■ AIM OF THE EXERCISE
Please write out the lines of the data exactly, beginning with the first and ending with the line containing "Nissan Stadium is"; leave the pictures behind.

*** EXERCISE INPUTS ***

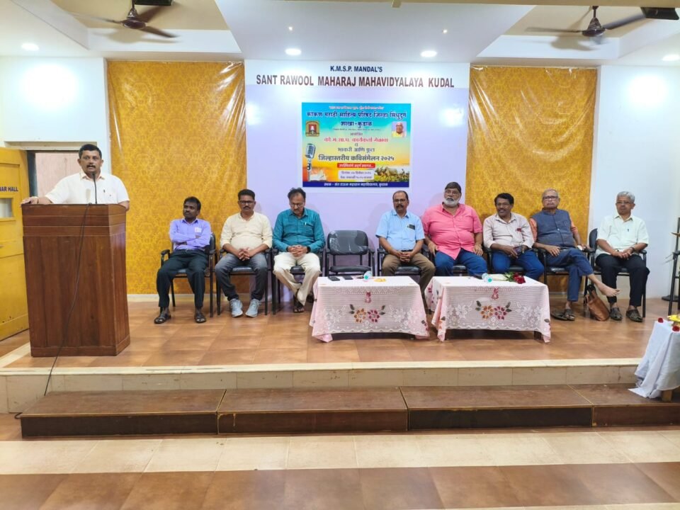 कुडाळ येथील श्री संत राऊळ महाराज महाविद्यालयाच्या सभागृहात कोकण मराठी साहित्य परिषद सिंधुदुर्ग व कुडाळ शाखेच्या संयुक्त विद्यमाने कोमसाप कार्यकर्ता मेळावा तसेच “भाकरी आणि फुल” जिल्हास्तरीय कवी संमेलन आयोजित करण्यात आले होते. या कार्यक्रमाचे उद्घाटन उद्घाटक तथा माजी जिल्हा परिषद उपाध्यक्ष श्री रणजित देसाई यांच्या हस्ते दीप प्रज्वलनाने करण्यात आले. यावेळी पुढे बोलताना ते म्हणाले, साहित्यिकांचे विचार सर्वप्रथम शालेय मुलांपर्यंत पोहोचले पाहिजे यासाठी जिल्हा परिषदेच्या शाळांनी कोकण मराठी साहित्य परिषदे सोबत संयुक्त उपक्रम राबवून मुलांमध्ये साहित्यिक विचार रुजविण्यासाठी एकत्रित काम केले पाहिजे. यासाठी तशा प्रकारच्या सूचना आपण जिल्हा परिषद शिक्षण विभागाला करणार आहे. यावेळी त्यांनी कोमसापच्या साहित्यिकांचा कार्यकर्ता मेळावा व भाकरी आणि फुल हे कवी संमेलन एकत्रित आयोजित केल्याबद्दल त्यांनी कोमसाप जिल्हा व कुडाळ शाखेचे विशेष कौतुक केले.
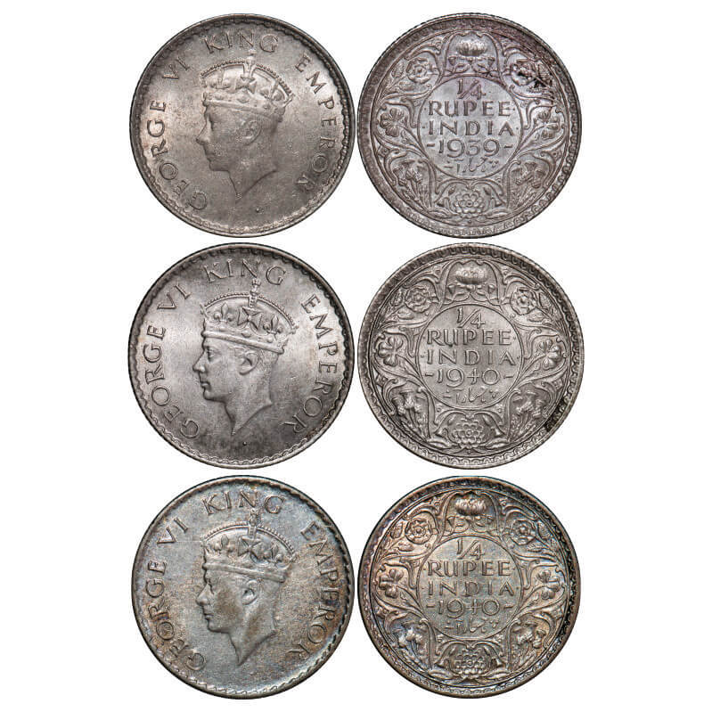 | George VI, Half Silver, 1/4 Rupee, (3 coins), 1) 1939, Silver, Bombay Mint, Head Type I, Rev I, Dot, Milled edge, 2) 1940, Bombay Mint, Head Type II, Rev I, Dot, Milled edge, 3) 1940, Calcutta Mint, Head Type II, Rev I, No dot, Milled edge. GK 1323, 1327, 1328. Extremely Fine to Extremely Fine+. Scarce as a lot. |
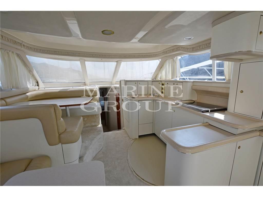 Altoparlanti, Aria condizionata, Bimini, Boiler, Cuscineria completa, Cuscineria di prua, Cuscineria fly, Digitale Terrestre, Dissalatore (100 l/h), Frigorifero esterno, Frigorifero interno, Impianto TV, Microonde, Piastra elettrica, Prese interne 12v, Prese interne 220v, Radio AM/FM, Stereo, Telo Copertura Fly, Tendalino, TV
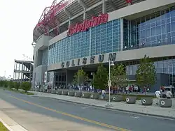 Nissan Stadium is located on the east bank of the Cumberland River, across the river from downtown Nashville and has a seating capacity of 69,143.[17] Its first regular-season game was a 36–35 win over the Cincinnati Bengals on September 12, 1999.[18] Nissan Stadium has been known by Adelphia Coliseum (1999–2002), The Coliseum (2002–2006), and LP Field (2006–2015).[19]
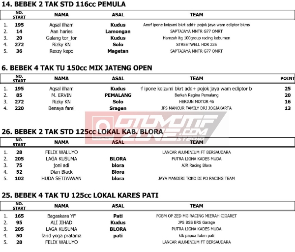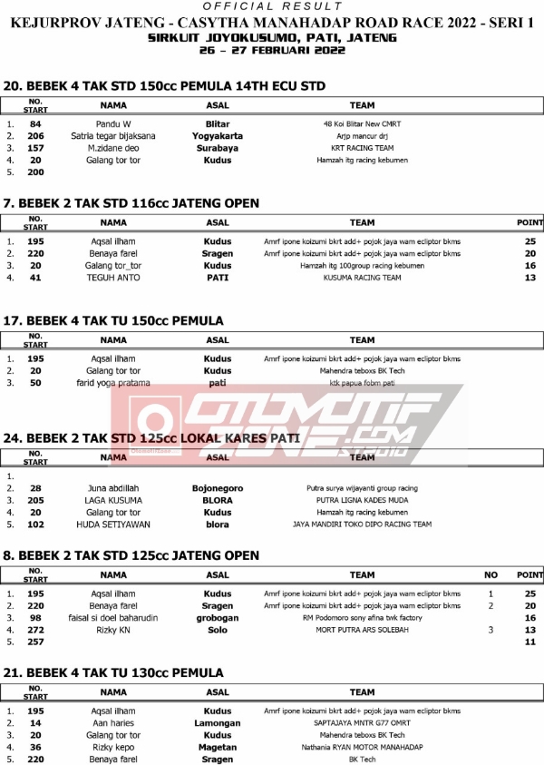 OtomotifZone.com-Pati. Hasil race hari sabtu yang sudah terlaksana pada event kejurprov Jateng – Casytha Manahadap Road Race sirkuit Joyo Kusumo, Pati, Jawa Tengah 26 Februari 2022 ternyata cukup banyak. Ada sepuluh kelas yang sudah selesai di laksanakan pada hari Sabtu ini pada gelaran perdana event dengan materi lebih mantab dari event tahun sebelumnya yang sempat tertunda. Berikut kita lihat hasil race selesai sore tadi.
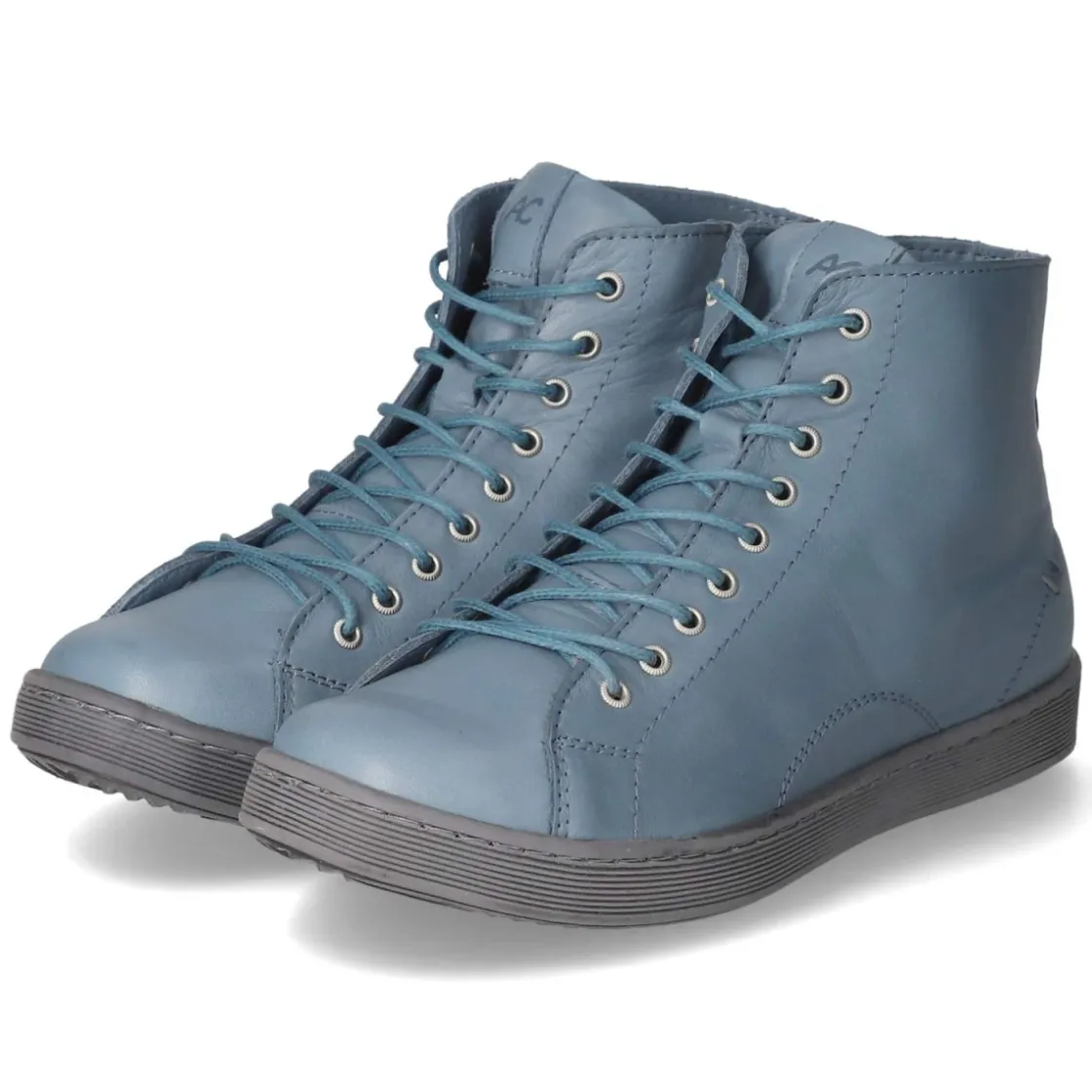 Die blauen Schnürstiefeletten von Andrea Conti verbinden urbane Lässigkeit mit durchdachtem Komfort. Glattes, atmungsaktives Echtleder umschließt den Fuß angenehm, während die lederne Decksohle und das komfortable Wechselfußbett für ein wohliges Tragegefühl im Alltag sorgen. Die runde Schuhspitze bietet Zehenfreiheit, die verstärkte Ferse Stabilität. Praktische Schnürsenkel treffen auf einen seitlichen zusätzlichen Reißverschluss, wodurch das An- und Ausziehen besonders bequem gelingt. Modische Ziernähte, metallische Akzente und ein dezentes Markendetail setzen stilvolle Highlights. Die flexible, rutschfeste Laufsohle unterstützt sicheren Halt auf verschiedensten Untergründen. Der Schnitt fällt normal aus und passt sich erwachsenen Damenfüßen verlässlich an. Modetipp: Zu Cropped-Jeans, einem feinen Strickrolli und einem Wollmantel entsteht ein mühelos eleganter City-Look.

*** End of EXERCISE INPUTS ***

■ SOLUTION TO THIS EXERCISE
 कुडाळ येथील श्री संत राऊळ महाराज महाविद्यालयाच्या सभागृहात कोकण मराठी साहित्य परिषद सिंधुदुर्ग व कुडाळ शाखेच्या संयुक्त विद्यमाने कोमसाप कार्यकर्ता मेळावा तसेच “भाकरी आणि फुल” जिल्हास्तरीय कवी संमेलन आयोजित करण्यात आले होते. या कार्यक्रमाचे उद्घाटन उद्घाटक तथा माजी जिल्हा परिषद उपाध्यक्ष श्री रणजित देसाई यांच्या हस्ते दीप प्रज्वलनाने करण्यात आले. यावेळी पुढे बोलताना ते म्हणाले, साहित्यिकांचे विचार सर्वप्रथम शालेय मुलांपर्यंत पोहोचले पाहिजे यासाठी जिल्हा परिषदेच्या शाळांनी कोकण मराठी साहित्य परिषदे सोबत संयुक्त उपक्रम राबवून मुलांमध्ये साहित्यिक विचार रुजविण्यासाठी एकत्रित काम केले पाहिजे. यासाठी तशा प्रकारच्या सूचना आपण जिल्हा परिषद शिक्षण विभागाला करणार आहे. यावेळी त्यांनी कोमसापच्या साहित्यिकांचा कार्यकर्ता मेळावा व भाकरी आणि फुल हे कवी संमेलन एकत्रित आयोजित केल्याबद्दल त्यांनी कोमसाप जिल्हा व कुडाळ शाखेचे विशेष कौतुक केले.
 | George VI, Half Silver, 1/4 Rupee, (3 coins), 1) 1939, Silver, Bombay Mint, Head Type I, Rev I, Dot, Milled edge, 2) 1940, Bombay Mint, Head Type II, Rev I, Dot, Milled edge, 3) 1940, Calcutta Mint, Head Type II, Rev I, No dot, Milled edge. GK 1323, 1327, 1328. Extremely Fine to Extremely Fine+. Scarce as a lot. |
 Altoparlanti, Aria condizionata, Bimini, Boiler, Cuscineria completa, Cuscineria di prua, Cuscineria fly, Digitale Terrestre, Dissalatore (100 l/h), Frigorifero esterno, Frigorifero interno, Impianto TV, Microonde, Piastra elettrica, Prese interne 12v, Prese interne 220v, Radio AM/FM, Stereo, Telo Copertura Fly, Tendalino, TV
 Nissan Stadium is located on the east bank of the Cumberland River, across the river from downtown Nashville and has a seating capacity of 69,143.[17] Its first regular-season game was a 36–35 win over the Cincinnati Bengals on September 12, 1999.[18] Nissan Stadium has been known by Adelphia Coliseum (1999–2002), The Coliseum (2002–2006), and LP Field (2006–2015).[19]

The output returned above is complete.